Traditionally, the price of this carbohydrate raw material on the global market was mainly dictated by its production cost in Brazil. The country is the one of the world's lowest cost producer and largest exporter of the product.

However, the last few years have seen a fundamental change in global sugar price dynamics. This change was brought about by the rapid growth in Brazil's flex-fuel vehicle (FFVs) sector since the mid-2000s. FFVs can run on either gasoline or ethanol (produced from sugarcane in Brazil).

Over time, the expanding ethanol demand from the FFV fleet has led to the establishment of a relationship between ethanol and gasoline prices. This means that, in addition to Brazil's production costs, sugar prices are now influenced by crude oil prices via the ethanol sector in Brazil. If the sugar price falls below its ethanol equivalent, Brazilian millers are able to divert cane away from sugar into ethanol.

This switching is possible because most of the sugarcane mills in the country are integrated, which means that ethanol is produced from sugarcane as an integrated part of the sugar production process. Depending on the relative prices of sugar and ethanol, sugarcane millers can alter their product mix (within capacity constraint).
The result of these dynamics is that the interaction between Brazil's ethanol market and world oil prices has now become an important driver of global sugar prices in the long run. This relationship is illustrated in Figure 3.

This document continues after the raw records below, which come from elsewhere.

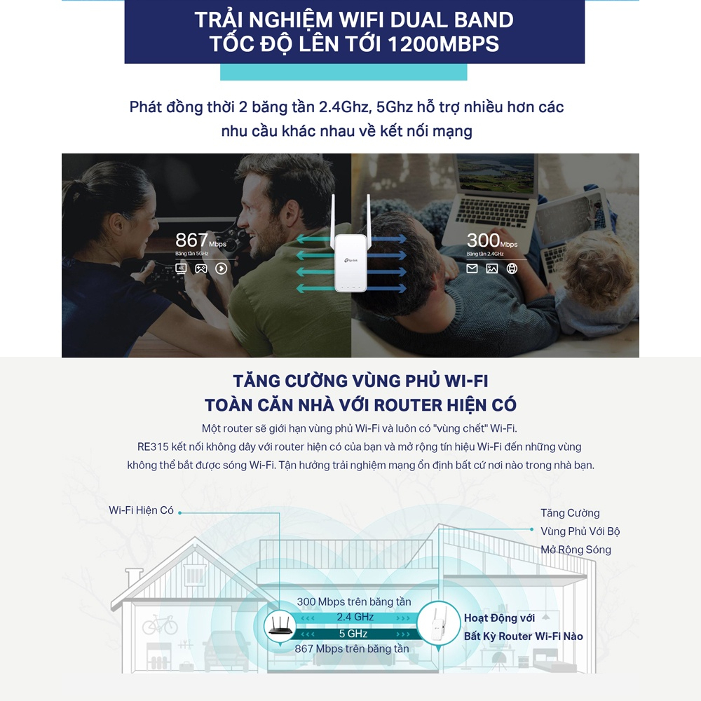 Bộ Mở Rộng Sóng Wifi Mesh TP-Link RE315 Chuẩn AC 1200Mbps - Loại bỏ vùng tín hiệu yếu với sóng Wi-Fi phủ toàn căn nhà của bạn. - Kết nối Wi-Fi băng tần kép 2.4 GHz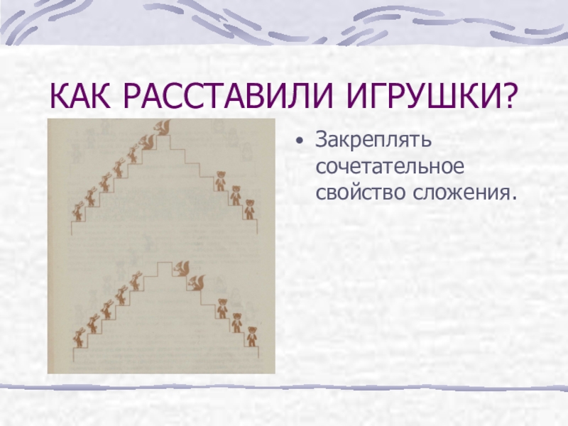 КАК РАССТАВИЛИ ИГРУШКИ?Закреплять сочетательное свойство сложения.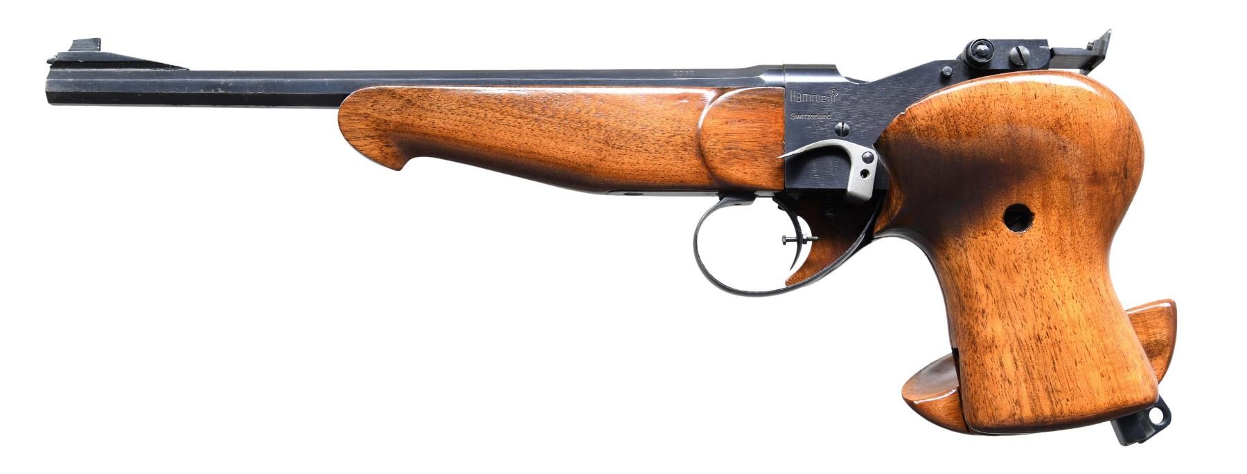 Cal. 22 LR. S# 2538. Bbl. light weight 11 1/4" tapered octagon with longitudinally dovetailed Patridge blade on serrated ramped base as front sight plus finely adjustable factory rear sight at rear of frame. Mfg. 1950-1956 with "London 1948", Helsinki 1952 and Olympic rings on top right front of receiver; indicative of Swiss shooting team. Fully adjustable lever actuated set trigger. Smooth walnut forend with semi circular side panels and schnable tip. Matching grip designed to lock a shooter's hand into the pistol with its only adjustment being a heel support; fitment matches men's large to extra large glove size. Chambered with rifling without leade so that ammunition choice is critical for use. CONDITION: occasional light handling / use marks on its original blued finish (polished) with spots of peppery oxidation on barrel. Stock set has extra finish applied in very good plus condition. Bore is near excellent. (25-3253/NW). CURIO. $650-900.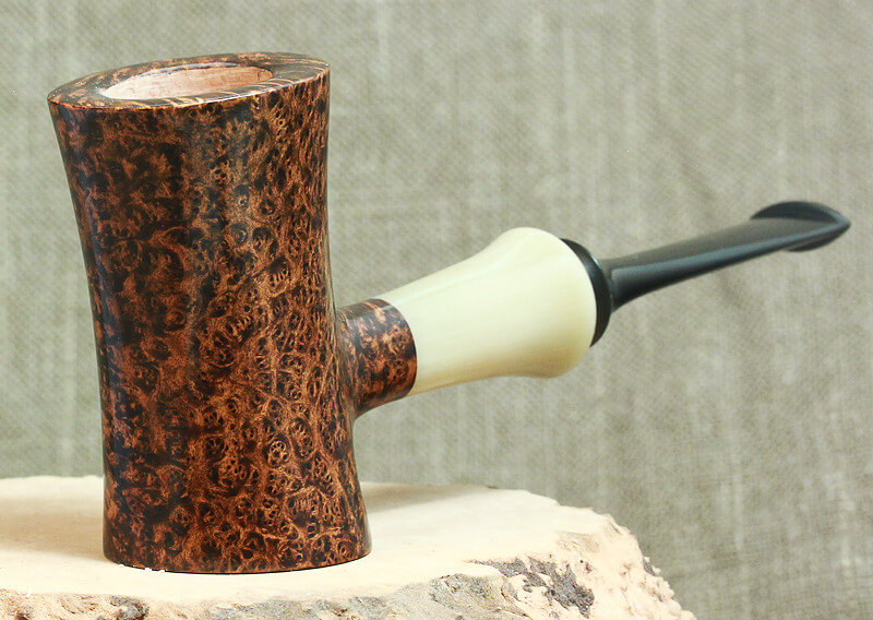 Pour ses tuyaux, il emploie l'ébonite, et pour les bagues, des bois exotiques - ou des os de mammouth !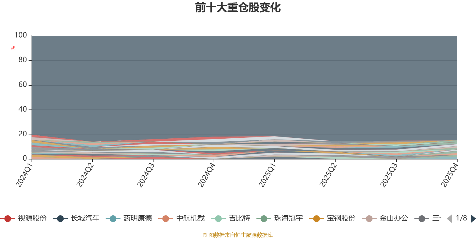 截至2025年末,基金十大重仓股分别是药明康德、宁德时代、海康威视、蓝思科技、宁波银行、新华保险、珠海冠宇、伊利股份、华能国际、中国平安。

This link is weaker in the short run as domestic gasoline prices do not follow global crude oil prices. This is because of the government's influence which means that the Brazilian gasoline price has not changed since the beginning of 2006, despite the phenomenal volatility witnessed by global crude oil prices over the same period.

The reason why the support ethanol prices provide to sugar prices has increased so much in recent years is the strengthening of the Brazilian currency, which has inflated gasoline (and therefore ethanol) prices in US dollar terms. This, coupled with strong demand from the FFV fleet, means that the support provided to sugar prices by the ethanol market more than doubled since 2009!

Conclusions

The link between crude oil prices and carbohydrate crop prices is far from direct, but there is little doubt that energy prices have influenced carbohydrate crop prices in recent years. In the near future, demand growth from the food, feed, ethanol and bio-chemical sectors is expected to outstrip supply. This will support crop prices at high levels which are required to encourage growth.

While the new price regime is expected to continue into the future, the impact of crude oil prices on the various carbohydrate crops will be different because of the varying dynamics explained above.

LMC International has been forecasting crop prices for over 30 years. The establishment of the new price regime means that we now also consider crude oil prices when forecasting carbohydrate crop prices. Figure 4 illustrates this point for maize, highlighting the wide range of maize prices associated with different crude oil price scenarios.

Players in the chemical industry seeking to divorce their feedstock supply chains from crude oil price volatility will need to recognize this new price regime and determine if there truly is a cost incentive associated with switching from petroleum-based raw materials and into carbohydrate crops.